X-energy $XE jumps 27% in debut after $1.02B IPO prices at $23
Original: Nuclear reactor company X-energy shares surge 27% as AI drives interest in its IPO View original →
X-energy $XE jumped 27% in its Nasdaq debut on April 24, closing at $29.20 after opening at $30.11. CNBC reported the stock followed an upsized IPO priced at $23 per share, above the marketed $16 to $19 range. That pushed the company through the $1B raise threshold in the skill's Tier-1 IPO filter on day one.
X-energy's IPO announcement said the company sold 44,254,659 Class A shares at $23 and gave underwriters a 30-day option to buy up to 6,638,198 more. The raise totaled roughly $1.02B before any greenshoe exercise. CNBC said it was the largest nuclear public offering on record, a sign that public-market investors are now willing to fund long-duration power infrastructure when the AI build-out creates a clear electricity-demand story.

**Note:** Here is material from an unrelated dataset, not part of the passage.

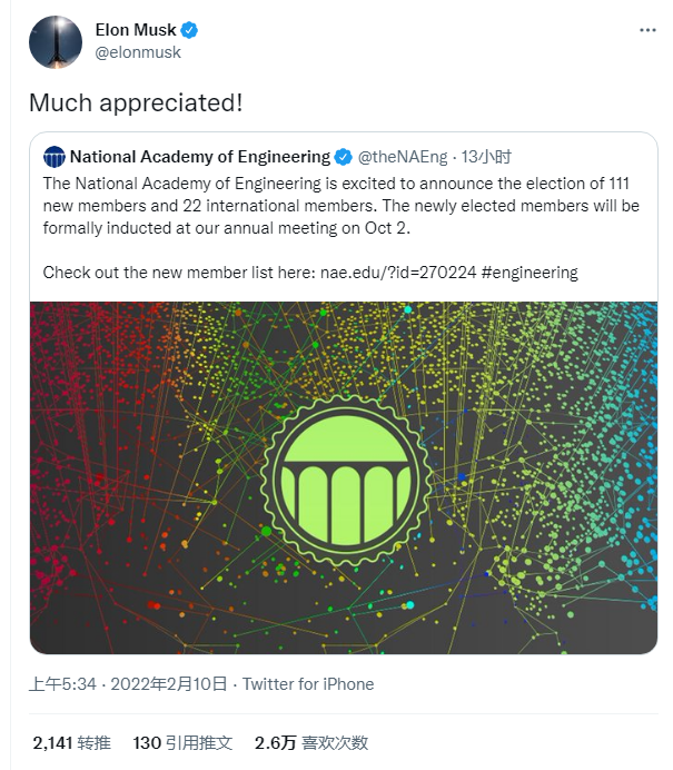 马斯克转发美国国家工程院官方推特
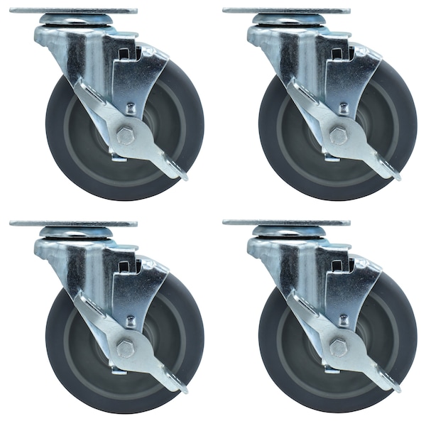 5-inch Plate Casters, Gray Rubber Wheels, Top Lock Brake, 250lb Capacity, 4PK

- IPO price: $23 per share vs initial $16 to $19 range
- Capital raised: about $1.02B
- Debut trading: opened at $30.11, closed at $29.20, up 27%
- Order pipeline: more than 11 gigawatts
- Amazon deployment target: 5 gigawatts in the U.S. by 2039
The business case is not just ticker momentum. CNBC said X-energy's XE-100 reactor produces 80 megawatts and can be combined into 960-megawatt configurations, while the company is already working with Amazon, Dow and Centrica. It is also developing a 320-megawatt first project with Energy Northwest. That matters because the current nuclear trade is being repriced around deployable capacity and contracted demand, not around distant research milestones.
The next checkpoint is execution. The IPO is expected to close on April 27, and investors will want to see the final SEC prospectus, permitting progress and whether early commercial partners convert the 11-gigawatt pipeline into signed projects and revenue. A 27% first-day pop prices in enthusiasm; the harder part starts with licensing, construction and delivery.
Not investment advice. Verify all figures with primary sources before acting.